Radiation Norms

What Radiation Norms You Need to Know:

  1. Natural Radiation Background and Thresholds for Exceeding It
  2. Maximum Accumulated Doses
  3. Radiation in Food Products

Different countries have varying norms, often contradicting each other. Therefore, we will use the strictest values. Norms increased after radiation accidents will not be considered.

All norms are based on the accumulated dose. The maximum allowable radiation dose for a person is considered to be 1000 µSv per year. However, this dose does not include the natural radiation background. Adding the average radiation background, we get 1500-2000 µSv per year. The natural radiation background typically ranges from 0.05 to 0.10 µSv per hour. This will be our baseline.

Radiation in Homes or Apartments

If the annual limit is converted to an hourly rate, 2000 µSv equates to a radiation level of 0.22 µSv/h over the course of a year. Therefore, you would need to live in a place with this background level for a year to accumulate 2 mSv.

However, since people do not spend 100% of their time in one place, such as a home with this background level, the background level in a home should exceed 0.40 µSv/h to accumulate a dose above 2000 µSv.

A level up to 30 µSv/h is considered normal for residential areas. However, I would not recommend living at 0.30 µSv/h; it’s better if the background level is lower.

Radiation from Radiation Sources

A small radioactive object measured close to the device can show quite high figures. These indicators can be alarming. It may seem that the 2000 µSv norm can be quickly accumulated under such conditions. However, since we measure close to the source, the high dose rate only exists on the surface of the radiation source and can only irradiate a specific part of the body, like a hand. Consequently, the harm will be different, and the chance of developing cancer will be lower.

To calculate the harm to the entire body, measurements should be taken at a distance of 1 meter from the source. Here, the inverse square law comes into play; the radiation from the source weakens incredibly with distance. Most radiation sources are undetectable by instruments at a one-meter distance. Even powerful sources show only a negligible fraction of what they indicate up close.

Thus, if a radiation source has been near you for a long time, the dose rate from it should be measured where you were, not at the source. Additionally, the exposure time and dose rate at the exposure site must be calculated.

If You Received a Dose in a Short Time:

  • If the accumulated dose does not exceed 1000 µSv, there is no need to worry.
  • A dose of 5000 - 10,000 µSv is the approximate maximum for nuclear industry workers and poses no immediate threat.
  • A dose of 100,000 µSv causes DNA damage.
  • A dose of 250,000 µSv will cause symptoms of radiation sickness if received at once. Hospitalization is not required, but the risk of developing cancer increases.
  • A dose of 1,000,000 µSv necessitates hospitalization and results in a mild form of radiation sickness. The chance of developing cancer within the next 20 years increases.
  • Higher doses can lead to fatal outcomes without treatment.

Radiation in Food Products

This is an area where most dosimeter owners lack knowledge and make mistakes. You cannot simply bring any dosimeter close to food and determine if it contains dangerous levels of radioactive materials. The problem lies in the norms. For a person, the radiation levels in food are so small that if a dosimeter reacts to food in normal mode, it means the food contains thousands of times the allowable limit. If the excess is not so high but still dangerous to health, ordinary and even professional devices will show nothing.
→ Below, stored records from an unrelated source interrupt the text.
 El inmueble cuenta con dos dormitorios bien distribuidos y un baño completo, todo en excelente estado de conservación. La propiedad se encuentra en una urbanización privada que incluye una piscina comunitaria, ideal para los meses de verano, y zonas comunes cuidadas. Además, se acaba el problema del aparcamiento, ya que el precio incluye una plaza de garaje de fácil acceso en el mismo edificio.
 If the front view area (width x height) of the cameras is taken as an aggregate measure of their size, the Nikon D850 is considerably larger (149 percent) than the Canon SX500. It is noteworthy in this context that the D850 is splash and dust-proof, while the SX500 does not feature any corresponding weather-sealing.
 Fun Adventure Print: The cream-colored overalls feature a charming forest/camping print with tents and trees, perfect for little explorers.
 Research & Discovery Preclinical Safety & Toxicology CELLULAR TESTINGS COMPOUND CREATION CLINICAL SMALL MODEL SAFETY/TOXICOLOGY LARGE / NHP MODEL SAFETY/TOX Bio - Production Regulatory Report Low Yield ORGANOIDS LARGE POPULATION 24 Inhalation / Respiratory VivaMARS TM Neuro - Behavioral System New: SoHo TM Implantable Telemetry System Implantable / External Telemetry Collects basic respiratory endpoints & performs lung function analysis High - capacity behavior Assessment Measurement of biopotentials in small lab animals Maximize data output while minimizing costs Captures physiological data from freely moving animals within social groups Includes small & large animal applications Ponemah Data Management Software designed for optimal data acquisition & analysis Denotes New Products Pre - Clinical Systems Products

Sensitive scintillation devices with a special mode for measuring activity are required for measurements not influenced by the surrounding background. The food itself also needs preparation, as different geometry and weight can affect the readings. These measurements are not quick; it can take at least an hour.

Only in such conditions can the activity of food products be measured. The Radiacode dosimeter is sensitive enough for such measurements. It has a special mode and several container options for measurements, with their geometry programmed into the software.
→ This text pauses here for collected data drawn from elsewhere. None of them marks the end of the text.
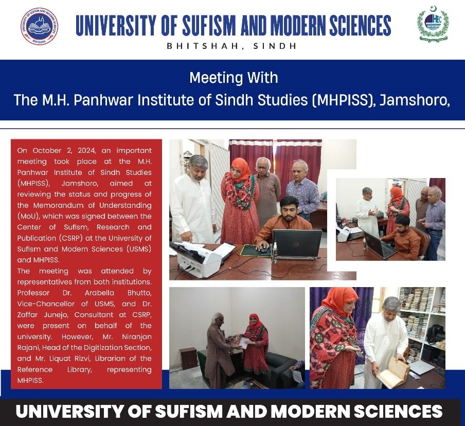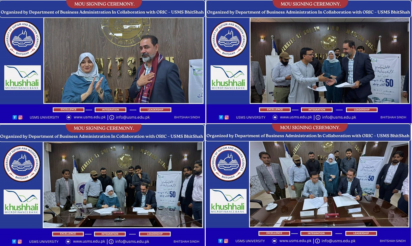 The University of Sufism and Modern Sciences (USMS), Bhitshah, under the chairmanship of Prof. Dr. Arabella Bhutto, Vice Chancellor of the University, signed a...
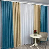 Розмір: 1,50 * 2,70 (дві штори по 0,75 см кожного кольору пошитих між собою, висота 2,70 м)
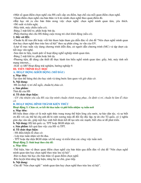 -Lưu ý: Ngoài hoạt động mang tính định hướng với nội dung như trên, các trường có thể tổ chức hoạt

Why Are There Strict Norms for Food Products?

Radioactive isotopes accumulate in the body and irradiate it from within for years. Even small amounts of radioactive substances, if present in the body for a long time, can result in a high dose.
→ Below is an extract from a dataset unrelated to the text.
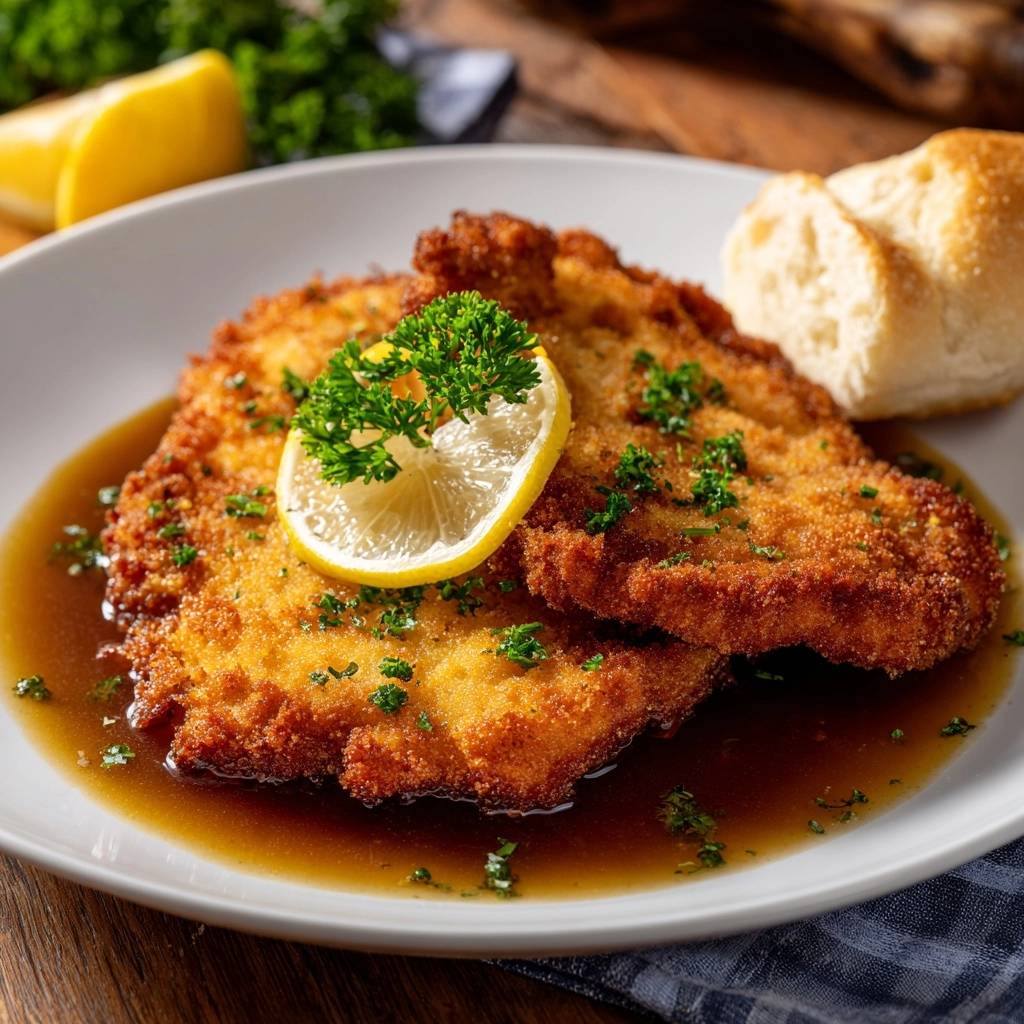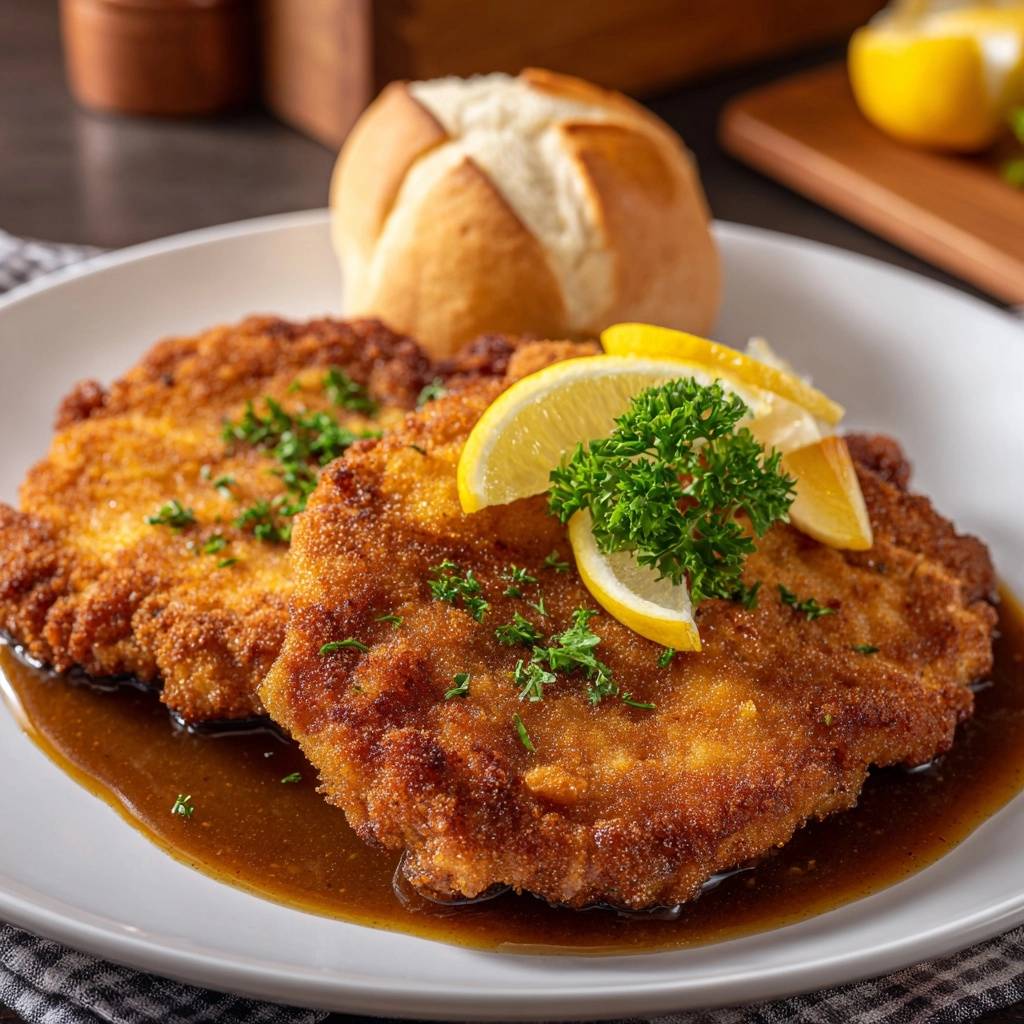- Servieren: Gießen Sie zuerst einen Spiegel der dunklen Sauce auf den Teller. Betten Sie das Schnitzel vorsichtig darauf (oder daneben), um die Unterseite nicht sofort durchzuweichen. Garnieren Sie mit Zitronenscheiben und reichlich krauser Petersilie. Servieren Sie dazu die frische Semmel, um die Sauce aufzunehmen.

The unit of activity for measuring food contamination is the Becquerel. One Becquerel equals one decay per second of a radioactive atom (not to be confused with CPS – CPS is just a registered part).

Typically, the norms for Becquerel content in food depend on the average frequency of consumption by the population. This system is very inaccurate because an unusual diet can lead to the accumulation of large amounts of isotopes in the body. I recommend avoiding food products if they contain more than 100 Becquerels per kilogram.

The good news is that there are not many food products at risk, so there is no need to check everything.

At-Risk Foods:

  • Wild mushrooms
  • Berries
  • Game meat
  • Fish

Other foods do not accumulate radiation as much and do not need checking during peacetime.

Knowing the maximum allowable levels of radiation helps to accurately assess risks and minimize radiation exposure.